Cumhurbaşkanı Erdoğan, Pendik'te toplu açılış merasiminde konuştu: (1)

Cumhurbaşkanı Erdoğan, Pendik’te toplu açılış merasiminde konuştu: (1)

Cumhurbaşkanı Recep Tayyip Erdoğan, “Sevgili kızlarımız, siz kıblenizi biliyorsunuz lakin kıbleyi bilmeyenler natürel ki seccadeye ayakkabıyla basar fakat bunlara asıl kıblenin neresi olduğunu 14 Mayıs’ta siz bildireceksiniz.” dedi.

Cumhurbaşkanı Erdoğan, Pendik’te katıldığı toplu açılış törenindeki konuşmasına ramazan ayını tebrik ederek başladı.

Kahramanmaraş merkezli zelzelelerde hayatını kaybedenlere Allah’tan rahmet dileyen Erdoğan, yaralılara acil şifa dileğinde bulundu.

Deprem bölgesinde şu anda enkazın kaldırıldığını, en yakın vakitte konutları bitirerek hak edenlere teslim etme çabası içerisinde olduklarını lisana getiren Erdoğan, “Buradan, afetle uğraş eden vatandaşlarımızla birlikte birinci kıblemiz Mescid-i Aksa’yı savunan Filistinli kardeşlerimize de dua ediyoruz. Buradan bir damla suya, bir kuru ekmeğe muhtaç bir halde ramazanı geçiren Yemenli kardeşlerimize dua ediyoruz. Buradan her türlü ayrımcılığa ve baskıya karşın inançlarına sahip çıkan gurbetçilerimize dua ediyorum.” diye konuştu.

Tören alanındaki bir kişinin seccade göstermesi üzerine Erdoğan, “Seccadeyi gösteriyor da seccadeyi niye gösterdiğini anlıyorum. Sevgili kızlarımız, siz kıblenizi biliyorsunuz ancak kıbleyi bilmeyenler alışılmış ki seccadeye ayakkabıyla basar fakat bunlara asıl kıblenin neresi olduğunu 14 Mayıs’ta siz bildireceksiniz.” sözlerini kullandı.

“Pendik, bize sahip çıkan, bizi ebediyen bağrına basan bir ilçemiz”

Cumhurbaşkanı Erdoğan, kendilerinin kaygıları olduğuna dikkati çekerek şöyle devam etti:

“Fakat istismarla bu yollarda dolaşanlar, istismarla sağa sola savrulanlar bilmezler ki inşallah 14 Mayıs’ta gereken dersi benim milletim onlara verecektir. Balkanlar’dan Kafkaslar’a, Afrika’dan Asya’ya kalbi bizimle çarpan tüm gönül dostlarımıza dua ediyoruz. Rabb’imizden bu Ramazan-ı Şerif’in coğrafyamızdaki zulüm, açlık, afet ve savaşlar sebebiyle buruk geçirdiğimiz son ramazan olmasına dua ediyoruz. Kardeşlerim bugün bir sefer daha Pendik’te bulunmanın bahtiyarlığı içindeyim.
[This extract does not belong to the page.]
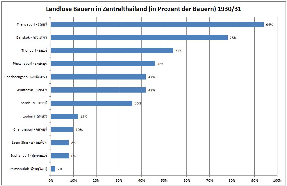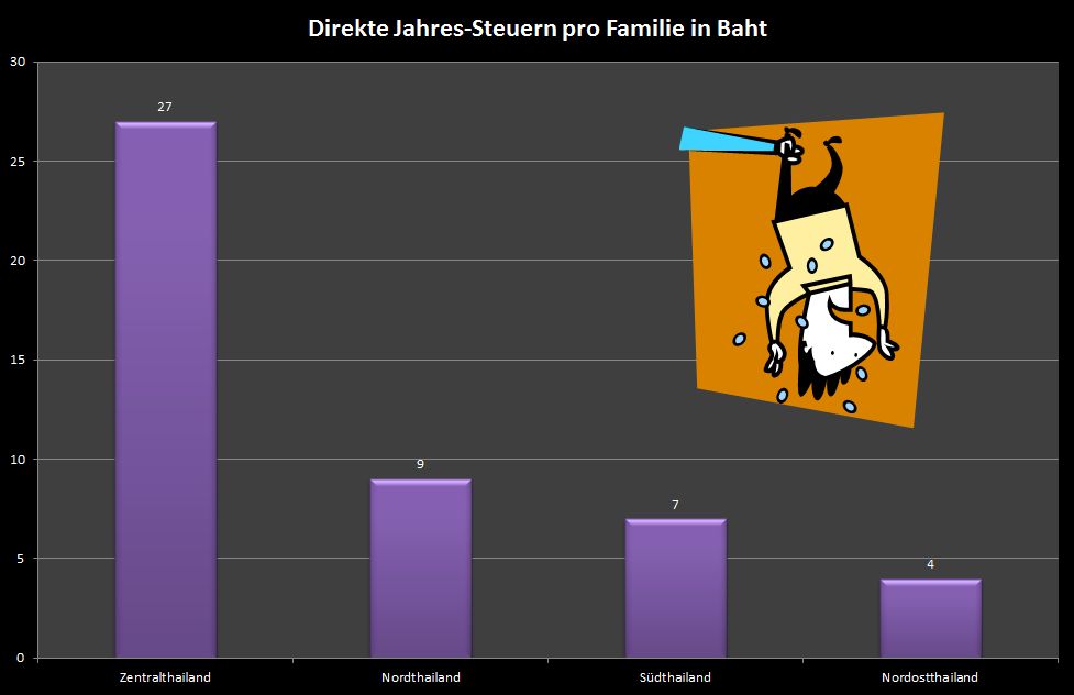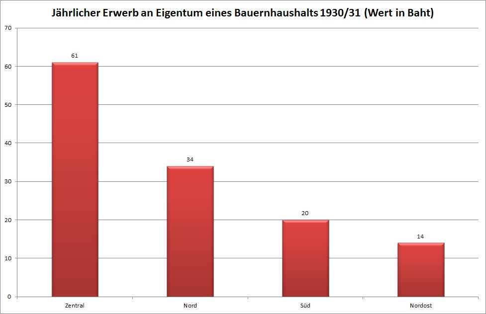 [Datenquelle: Rural economic survey 1930 - 1931. -- S. 78f..]In Zentralthailand betragen die direkten Steuern 7% aller Haushaltsaugaben, im übrigen Siam 5%.

Bugün bir kere daha Pendik’in vefalı, yürekli, mert, kadirşinas insanlarıyla kucaklaşmanın sevinci içindeyim. Biz, tüm ilçeleriyle İstanbul’u bir diğer seviyoruz. Bilhassa Pendik’i değişik seviyoruz. Pendik, bize sahip çıkan, bizi sürekli bağrına basan bir ilçemiz. Pendik, tıpkı vakitte ulusal iradenin kalesi olan da bir ilçemiz. Özellikle şu an toplandığımız meydanın bizim için çok başka bir manası ve ehemmiyeti var. Hani daima diyorum ya ah şu meydanların bir lisanı olsa da konuşsa. İşte bu meydan çabamızın de muhabbetimizin de şahsen şahidi olan bir meydan. İşte şu harika iştirak buraya gelene kadar caddenin sağında solundaki vatandaşlarımın ilgi ve alakası neyin ne olduğunu açıkça gösteriyor. Sordum, emniyete dedim ki ‘Bugünkü bu merasime iştirak ne?’ Aldığım yanıt şu: ’50 bin.’ Yürüyoruz. ‘Yürüyecek bu millet arkandan’ diyorlar.”